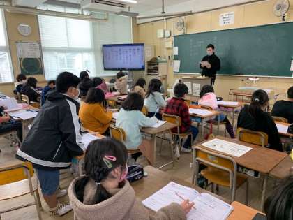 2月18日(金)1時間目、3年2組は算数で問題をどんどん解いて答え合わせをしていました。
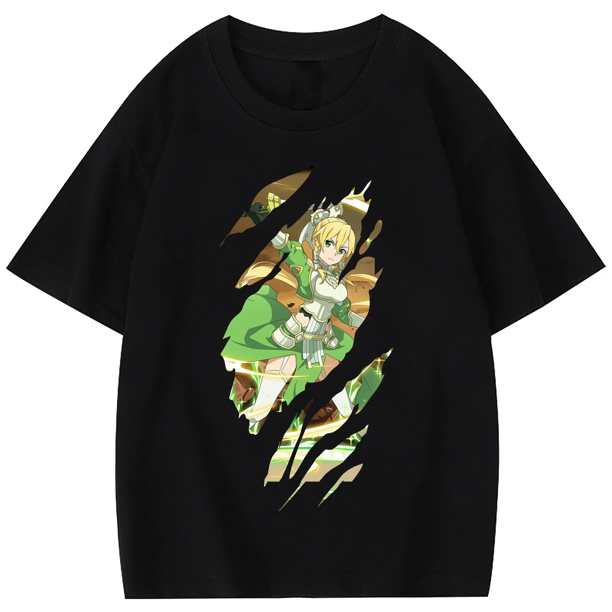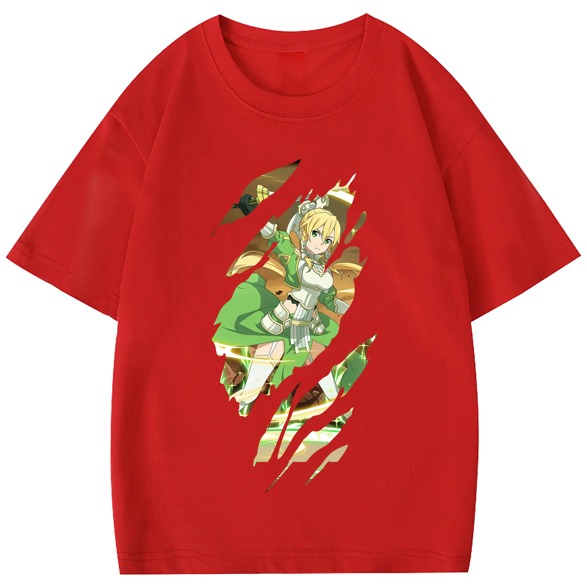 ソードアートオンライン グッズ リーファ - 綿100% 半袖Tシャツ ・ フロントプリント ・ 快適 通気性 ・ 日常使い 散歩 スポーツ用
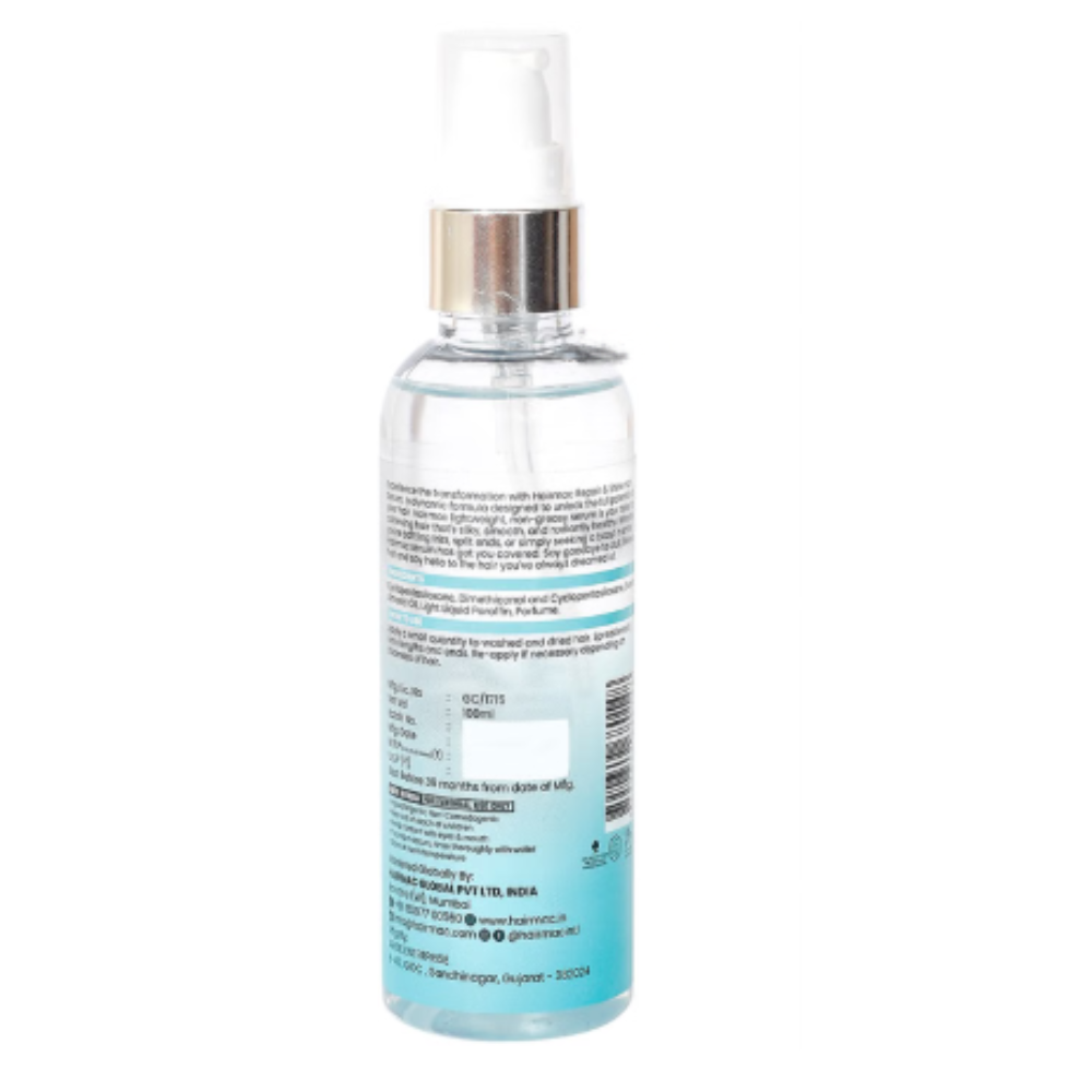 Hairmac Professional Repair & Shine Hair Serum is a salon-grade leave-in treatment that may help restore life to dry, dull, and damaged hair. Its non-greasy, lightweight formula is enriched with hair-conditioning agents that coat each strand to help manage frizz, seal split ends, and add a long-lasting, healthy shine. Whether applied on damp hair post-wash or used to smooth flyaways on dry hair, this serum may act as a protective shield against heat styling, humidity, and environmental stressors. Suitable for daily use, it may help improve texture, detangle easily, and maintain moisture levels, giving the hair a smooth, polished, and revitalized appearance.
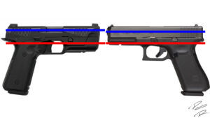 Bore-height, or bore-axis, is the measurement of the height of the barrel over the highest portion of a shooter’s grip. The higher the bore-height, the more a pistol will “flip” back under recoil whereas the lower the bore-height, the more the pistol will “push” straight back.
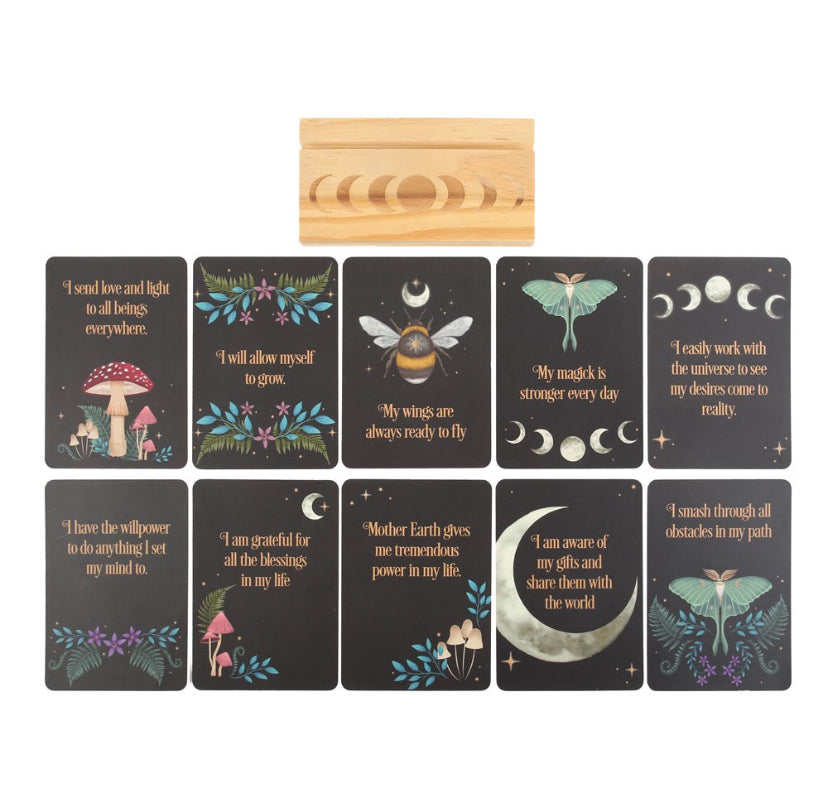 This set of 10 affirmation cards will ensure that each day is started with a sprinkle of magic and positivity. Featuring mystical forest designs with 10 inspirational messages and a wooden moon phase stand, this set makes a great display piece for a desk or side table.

+ + + + + + +

▶ _ACTION ITEM_: All lines from the one holding "Hairmac Professional Repair" through the last line of the material above should be set down exactly, and the pictures should be left out.

▶ _YOUR RESPONSE_:
 Hairmac Professional Repair & Shine Hair Serum is a salon-grade leave-in treatment that may help restore life to dry, dull, and damaged hair. Its non-greasy, lightweight formula is enriched with hair-conditioning agents that coat each strand to help manage frizz, seal split ends, and add a long-lasting, healthy shine. Whether applied on damp hair post-wash or used to smooth flyaways on dry hair, this serum may act as a protective shield against heat styling, humidity, and environmental stressors. Suitable for daily use, it may help improve texture, detangle easily, and maintain moisture levels, giving the hair a smooth, polished, and revitalized appearance.
 Bore-height, or bore-axis, is the measurement of the height of the barrel over the highest portion of a shooter’s grip. The higher the bore-height, the more a pistol will “flip” back under recoil whereas the lower the bore-height, the more the pistol will “push” straight back.
 This set of 10 affirmation cards will ensure that each day is started with a sprinkle of magic and positivity. Featuring mystical forest designs with 10 inspirational messages and a wooden moon phase stand, this set makes a great display piece for a desk or side table.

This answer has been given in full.